図6A~図6Cは、本実施の形態の画像生成装置200による拡張現実画像生成の別の例を説明する図である。
図6Aは、テーブル530上のコーヒーカップ510にユーザが手を伸ばしてコーヒーカップ510を取ろうとしている様子を示す。ユーザの手はまだコーヒーカップ510には触れていないため、画面には現実世界のコーヒーカップ510がそのまま見えている。
図6Bは、ユーザの手が図6Aのコーヒーカップ510に触れたときの画面例を示す。ユーザの手がコーヒーカップ510に接触したことにより、コーヒーカップ510全体が部分空間として指定され、コーヒーカップ510をユーザの視点から見た領域がAR領域となる。AR生成部234は、コーヒーカップ510を仮想オブジェクト512に置き換えて描画する。
図6Cは、ユーザが仮想オブジェクト512を持ち上げたときの画面例を示す。ユーザは現実にはコーヒーカップ510を持ち上げているが、画面上では仮想オブジェクト512を持ち上げているように見える。また、仮想オブジェクト512にはエフェクトが加わり、この例では仮想オブジェクト512から炎514が飛び出している。
上記の例では、AR領域をCG画像にすることでAR効果を与えたが、AR領域内は、視覚エフェクトのフィルタを適用したビデオシースルー画像を表示してもよい。あるいは、AR領域内は、完全なVR画像または実世界の構造を活かしたVR画像を表示してもよい。
エフェクトについてもいろいろなバリエーションが考えられる。パーティクルの生成、視覚効果フィルタの適用、輝度や色の変更、レンズ効果、拡大・縮小表示、効果音の生成、バックグラウンドミュージックや効果音の音量の変化などがある。
また、ボディトラッキングの技術を用いてユーザの身体の位置・姿勢を推定し、カメラ画像に写り込んだユーザの身体を別の仮想モデルに置き換えたり、カメラ画像に写り込んだユーザの身体からたとえば光が出ているようなエフェクトを加えてもよい。
図7A~図7Cは、本実施の形態の画像生成装置200による拡張現実画像生成のさらに別の例を説明する図である。
ユーザは図5Aで説明した部屋の中にいるが、部屋の外には図7Aに示すような仮想空間が存在する。ここでは仮想空間において一匹の恐竜が二本の木に側に立っている。
図7Bに示すように、ユーザの手が部屋の正面の壁に触れると、手が触れた壁の箇所540がAR領域となり、手が触れた箇所540に穴が空いたように見え、部屋の外の仮想空間が描画される。
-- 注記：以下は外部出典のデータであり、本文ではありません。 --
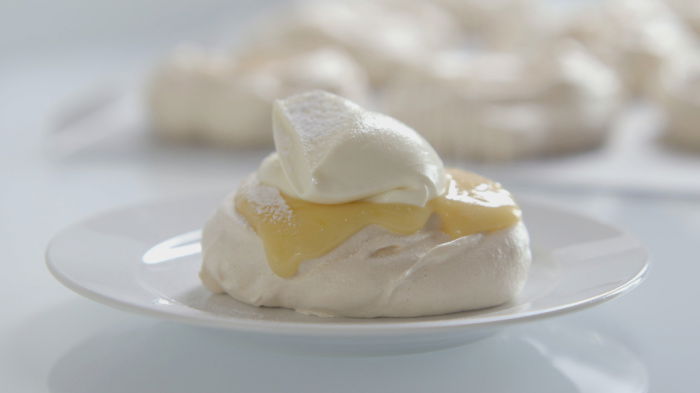While the meringues are cooking you can make the lemon curd: place the grated lemon zest and sugar in a bowl, whisk the lemon juice together with the eggs, and pour this over the sugar. Next add the butter cut into small pieces, and place the bowl over a pan of barely simmering water (making sure the bowl does not touch the water). Whisk every now and then until thickened, which should take about 20 minutes. Then leave it on one side to cool.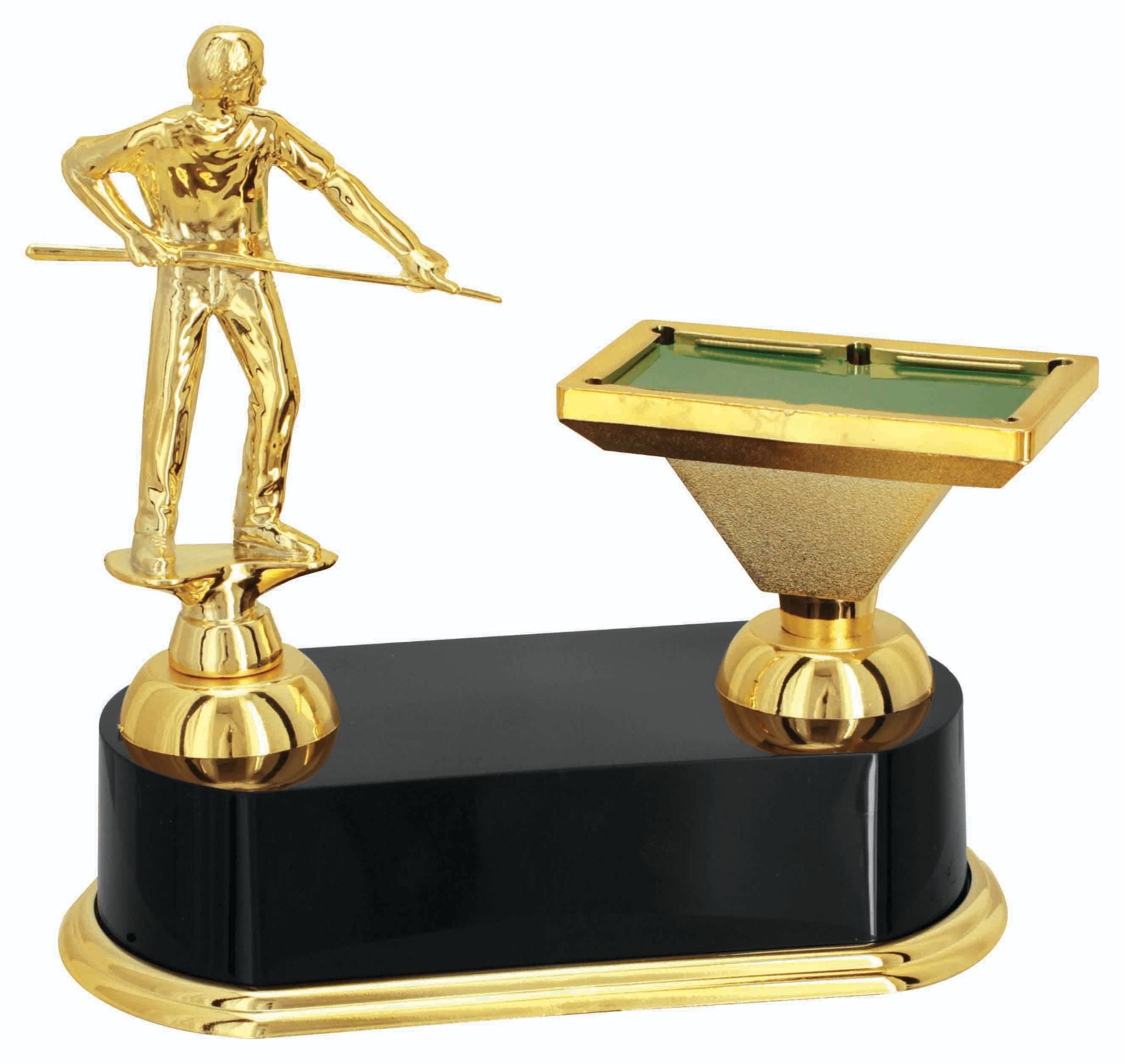 Troféu em polímero metalizado a alto vácuo medidas: altura – 22 cm. Largura superior – 24 cm. Largura inferior – 22,50 cm. Altura da base- 5,6 cm. Peso aproximado – cores – dourado, preto, verde composição: componentes fabricados em polímero: base oval, suportes, estatueta fixa de jogador de sinuca, estatueta fixa de mesa de sinuca. Outros componentes: ferragens para fixação.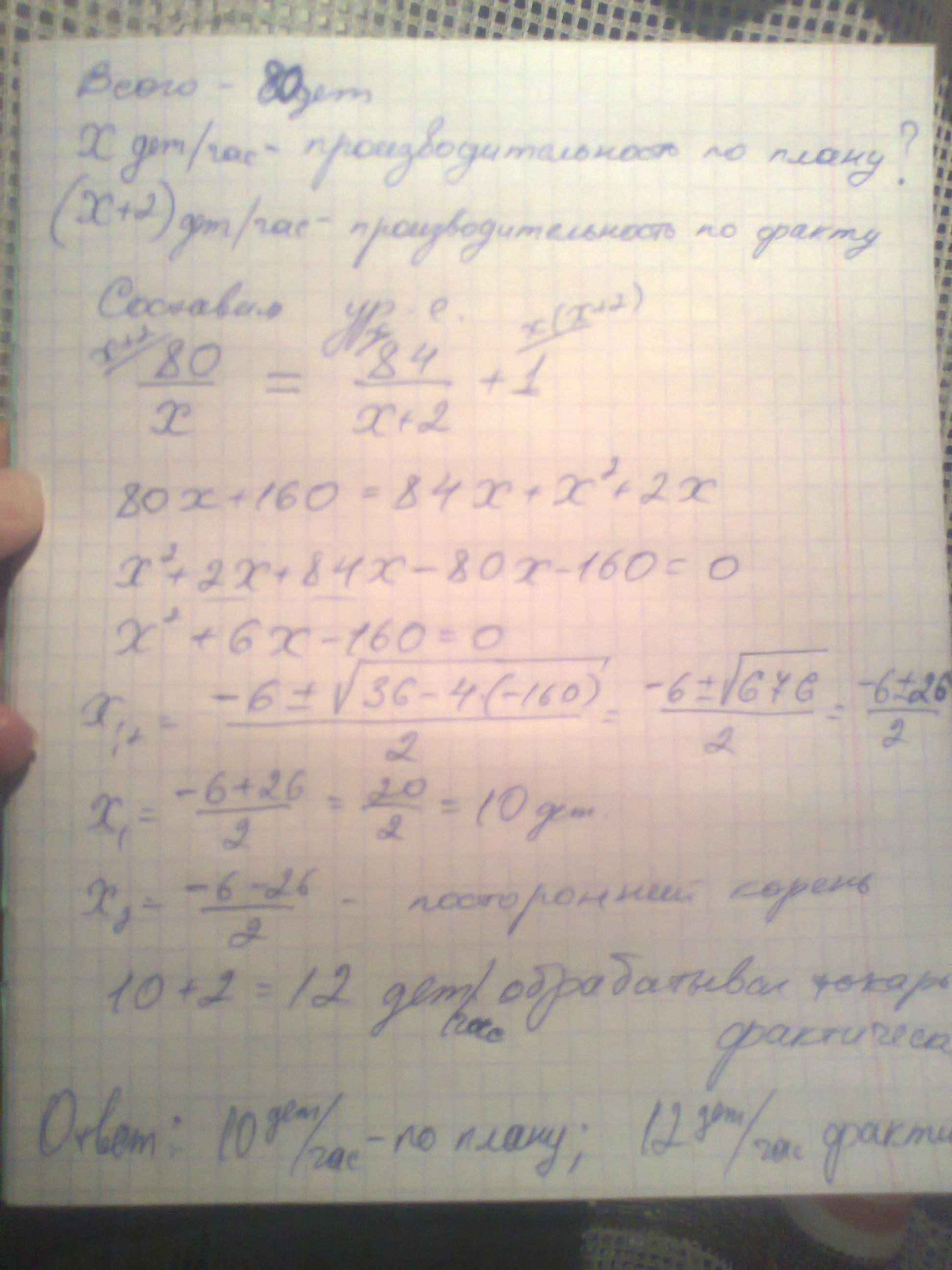 токарь должен был обработать 80 деталей к определенному сроку. он обработал в час на 2 детали больше, чем планировал, и уже за 1 час до срока обработал на 4 детали больше. сколько деталей в час обрабатывал токарь?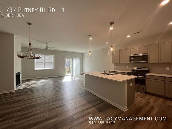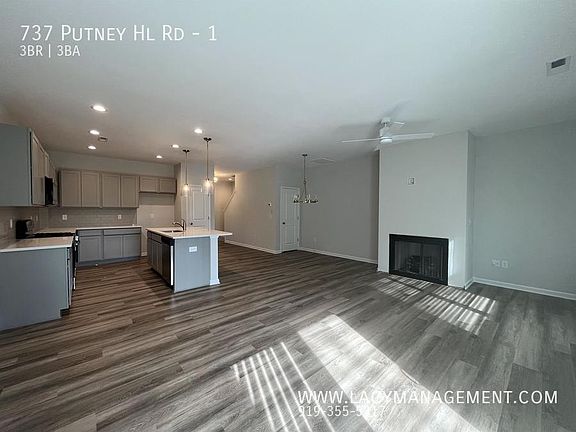 This 1688 square foot townhome home has 3 bedrooms and 2.5 bathrooms. This home is located at 737 Putney Hill Rd #1, Zebulon, NC 27597.
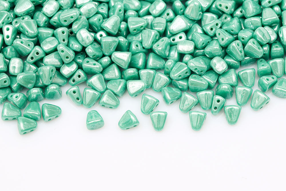 Nib-Bit 6×5mm Turquoise Green White Luster 2-Hole Czech Beads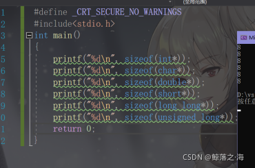 ? ? ?指针变量是一种变量类型,在32位中(32个bit即4个B)占四个字节的空间大小(无论什么类型的地址,都属于指针变量的类型,32上均为4个字节),64位中占8个字节的空间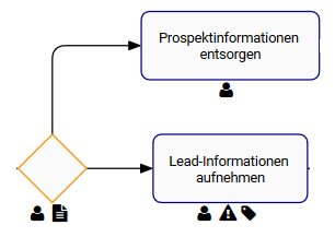 Mehrere Navigationspfade werden dargestellt, wenn ein Prozesszu- oder -abfluss mehrere verschiedene Szenarien haben kann. Dies geschieht, wenn ein Objekt mehrere Eingaben erfordert oder wenn ein Objekt mehrere Ausgaben haben kann. Die folgende Abbildung zeigt ein Szenario mit mehreren Navigationspfaden.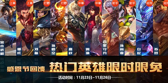 4、感恩你的热爱:英雄限免,阵容豪华(11月23日~11月25日)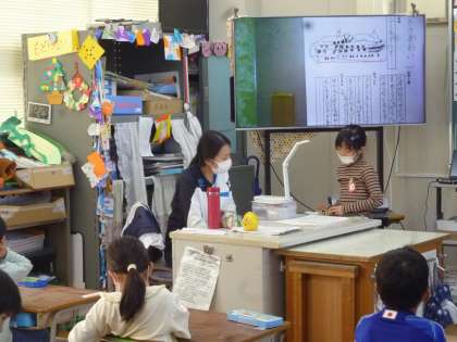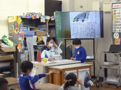 1年生は船や自動車などの乗り物について図鑑で調べました。絵と文章でまとめ、みんなの前で発表していきました。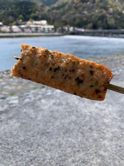 私は 「いかニラレッド」 を お持ち帰りして、桂川沿いのベンチで 食べた (^ ^)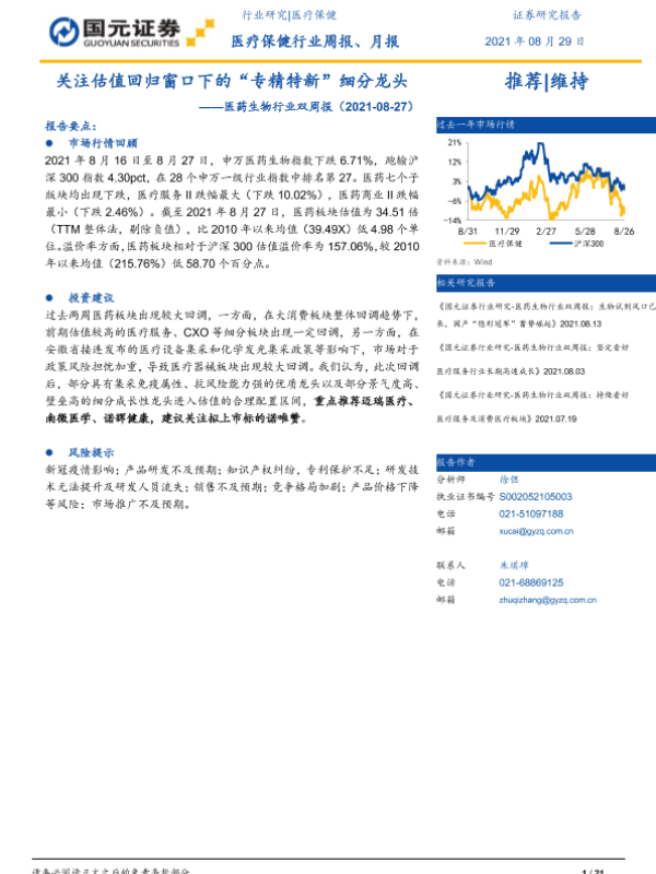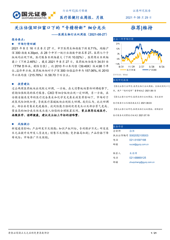 【国元证券】【20210829】医药生物行业双周报:关注估值回归窗口下的“专精特新”细分龙头-21页
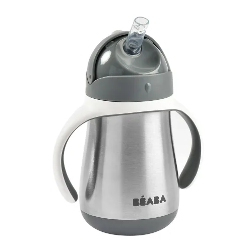 BEABA - Vaso para sorber con popote de acero inoxidable, vasos aislados a prueba de derrames con asas extraíbles, fabricado con acero inoxidable de
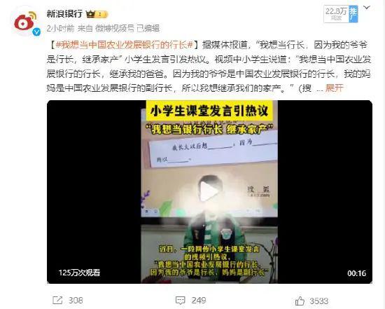 可以说紧跟时事,前几天不是有个小孩子爷爷爸爸行长的社会新闻吗,真贴近现实社会。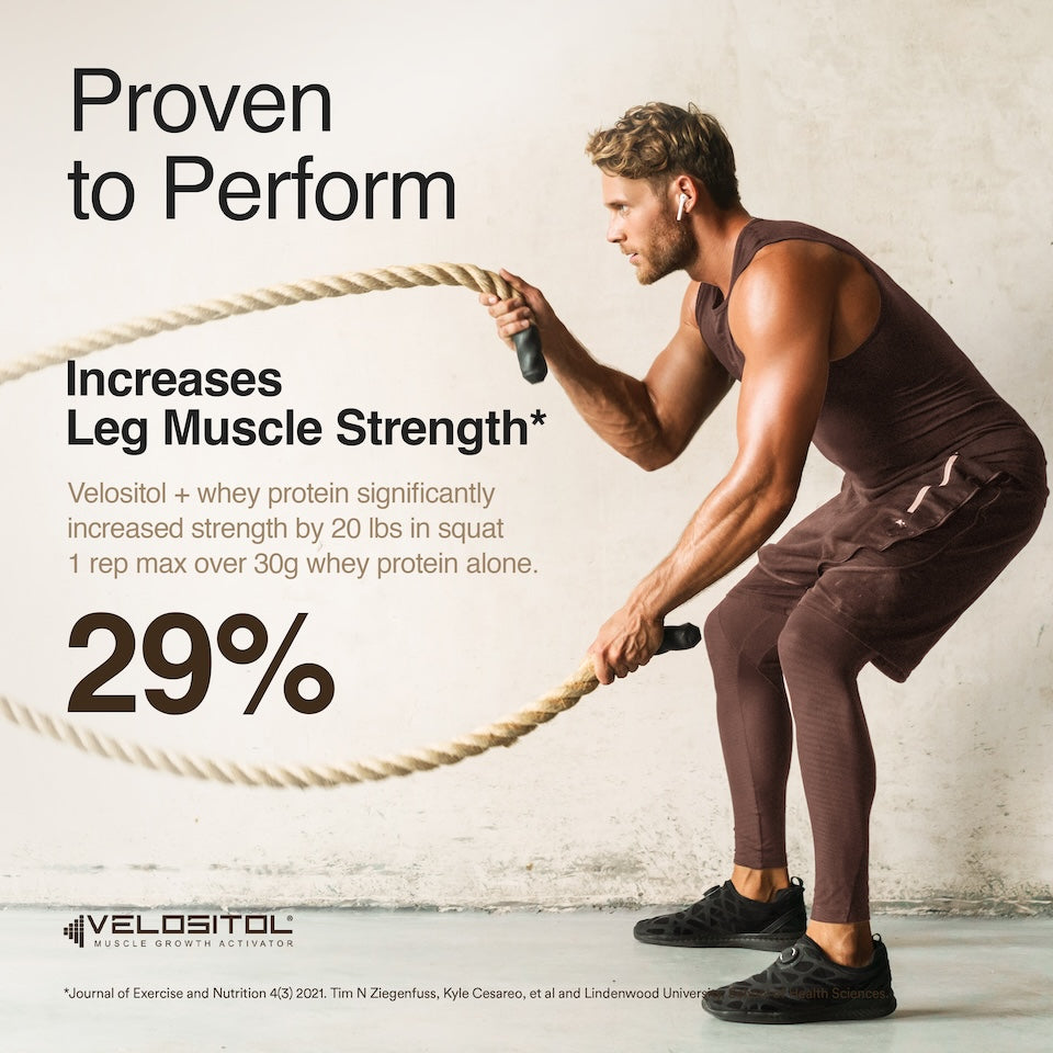Velositol® contains chromium, an essential trace mineral that's known to increase insulin sensitivity and insulinogenic function and therefore supports greater amino acid uptake into skeletal muscles. Preclinical and clinical studies show that subjects taking Velositol® had the highest myokine levels, muscle-derived peptides promoting MPS and hypertrophy.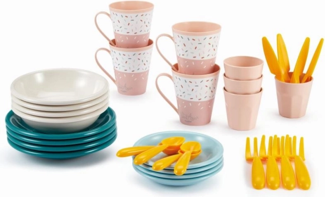 Šis plastikinis indų rinkinys idealiai tinka visiems, norintiems surengti neformalų pikniką ar popietę sode. 32 dalys šiame rinkinyje: lėkštės, desertinės lėkštelės, dubenėliai, puodeliai, stiklinės ir stalo įrankiai – viskas iš lengvo ir patvaraus plastiko. Praktiška dėžė palengvina nešiojimą, o vaikai gali saugiai prisidėti ruošiant valgį. Dėžė taip pat tarnauja kaip serviravimo staliukas.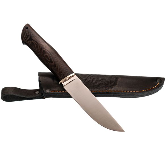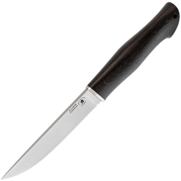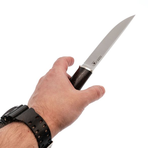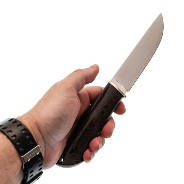 Клинок ножа изготовлен из высококачественной инструментальной стали Х12МФ, которая по своим свойствам аналогична стали D2. Такая сталь обеспечивает длительное сохранение заточки и агрессивный рез, что делает нож идеальным для различных задач. Форма клинка - универсальный Drop-Point, признанный одним из лучших по совокупности характеристик. Прямые спуски от обуха обеспечивают плавный и чистый рез, позволяя справляться с любыми материалами.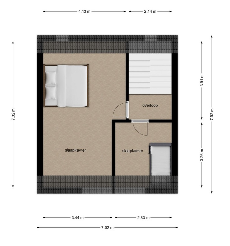 De 2e (of 3e) slaapkamer is groot ca. 8 m².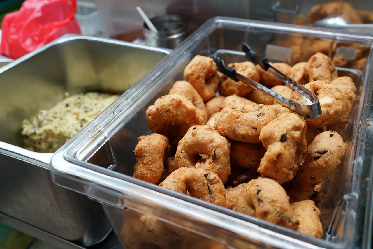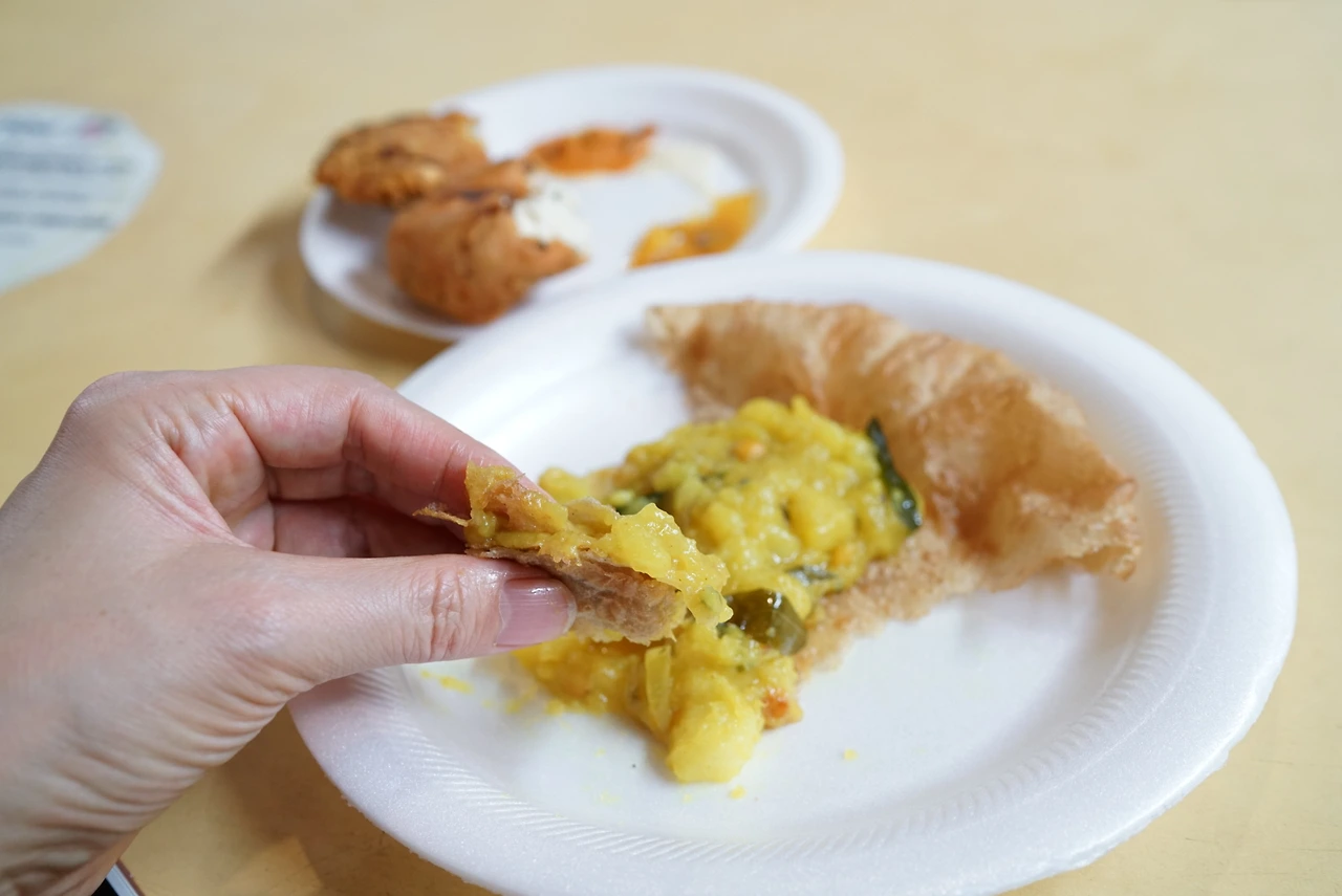돌아 나오는 길에 있는 푸드코트를 구경하다 나는 인도음식을 파는 노점 앞에 멈춰 섰다. 진동하는 커리향의 유혹을 뿌리치기가 쉽지 않았다. 빈 속은 요동치고 있었고 허기만 달랠 생각에 맛나 보이는 몇 가지 음식을 시켰다. 감자 커리를 얹은 로티와 삶은 렌틸로 만든 튀김. 이렇게 푸짐하게 먹었는데 1.50 달러(1200원 정도). 조금씩 맛만 보고 호텔에서 조식을 먹으려 했으나 한 입 두 입 먹다 보니 접시를 비우고 말았다. 한국에도 이렇게 싸고 맛난 푸드코트가 있다면 자주 갈 텐데 아쉽다.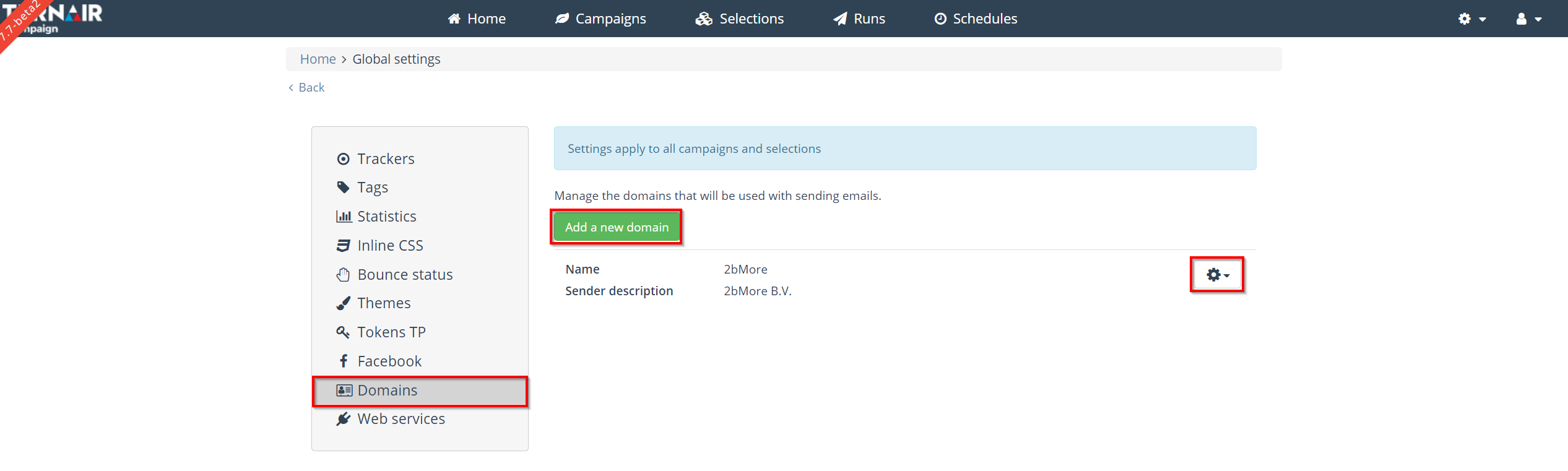 N.B.: a new or edited e-mail domain is only applied in new e-mail block(s).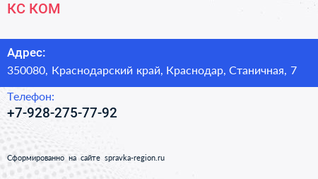 КС-КОМ по адресу 350080, Краснодарский край, Краснодар, Станичная, 7 в дальнейшем Организация, размещена в следующих категориях:

ここでは、壁の穴に図7Aの仮想空間の恐竜の姿が見えている。
図7Cに示すように、ユーザの手が壁の別の箇所542を触れると、手が触れた壁の別の箇所542がAR領域となり、穴が空き、そこから仮想空間を覗き見ることができる。ここでは、壁の穴に図7Aの仮想空間の木の一部が見えている。
このように、ユーザの身体部位が接触した箇所以外では現実空間のシースルー映像が見えているが、身体部位が接触した箇所では現実世界の向こう側にある外部の仮想世界が見える。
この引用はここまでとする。